14 Sep Beautiful Fall Drives of Minnesota
Since the introduction of personal transportation lovers of fall foliage have been tempted to travel and take in the pristine views that autumn has to offer. Minnesota, Land of 10,000 Lakes, offers 21 byways to take in the beauty of autumn and does not disappoint. From the beautiful 57-mile Gunflint Trail National Scenic Byway to the Minneapolis Grand Rounds Scenic Byway. Which has since been listed as the longest stretch of continuous public urban parkways in the Nation. You will find yourself taken aback by the rolling waterfalls, sprawling prairies, lake views peeking through the leaves, and the winding rivers
As you can see below, there is no shortage of ground to cover and fall colors to see.
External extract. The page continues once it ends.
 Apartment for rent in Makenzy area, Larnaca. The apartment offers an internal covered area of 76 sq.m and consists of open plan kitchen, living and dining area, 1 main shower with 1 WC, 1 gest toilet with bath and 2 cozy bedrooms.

Historic Bluff Country National Scenic Byway:
While driving along this route you will find yourself, in what feels like, a beautiful painting. Full of fall colors, woodsy hills, and bluffs. Along the Historic Bluff Byway, you will be treated to Amish tours, museums, and historic sites- just to name a few.
Minneapolis Grand Rounds Scenic Byway:
If you’re looking for some four-season fun, look no further. With access to the city’s numerous parks and trails, this splendid path is not just for recreation but also for daily use. The Minneapolis Grand Rounds gifts us with the beauty of Minnehaha and Theodore Wirth Parkways, amongst several others.
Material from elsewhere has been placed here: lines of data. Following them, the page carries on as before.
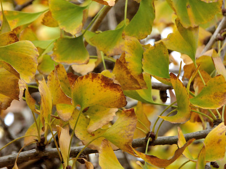 車窓からも沢山のイチョウの木が見えるのですが、まだ青いままの葉っぱ、茶色く変色してしまった葉っぱが混在してる状況です。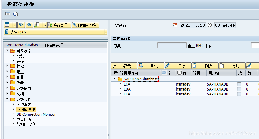 在ECC版本中,APO的LiveCache有一个单独的数据库,SAP 中使用数据库链接LCA、LDA、LEA链接到这个数据库。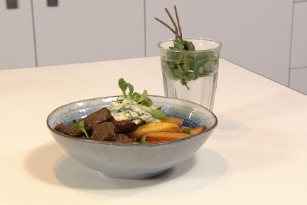 Zoete biefstukpuntjes met kruidenmayo en frietjes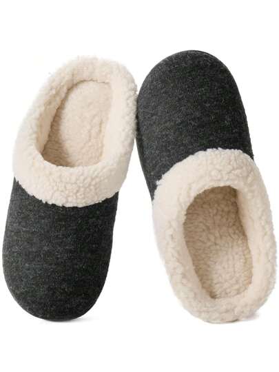 Wishcotton Women's Fur Fleece Slippers With Cozy Memory Foam, Ladies Warm Comfy Indoor Outdoor House Shoess - Black - View 1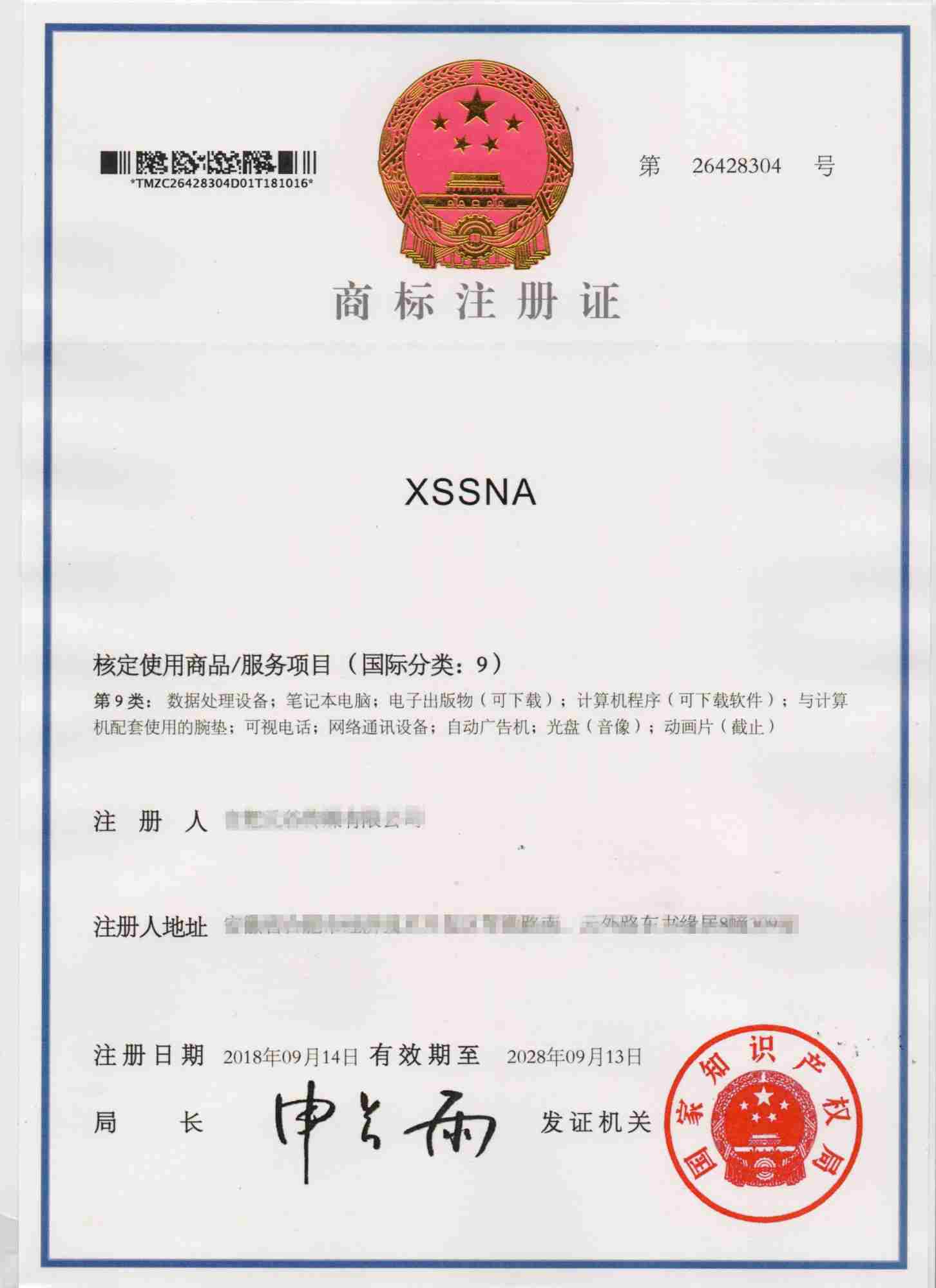 第9类“XSSNA”商标注册证

Minnesota River Valley National Scenic Byway:
Through the winding Minnesota River, the Minnesota River Valley National Scenic Byway is a destination in itself. You can visit the Redwood Falls, small detour
required, and rent a canoe to further the experience and view the sites by water. Not as easy as a car tour, but worth it!
North Shore All-American Scenic Drive:
Dubbed as an “All American Road”, this spectacular destination includes seven state parks and the spectacular views of the North Shore Superior. Running along the boarder of Duluth and the Canadian border. Take it a step further, enjoy lake-to-table meals, golf, and hiking. Don’t forget some of Minnesota’s highest waterfalls.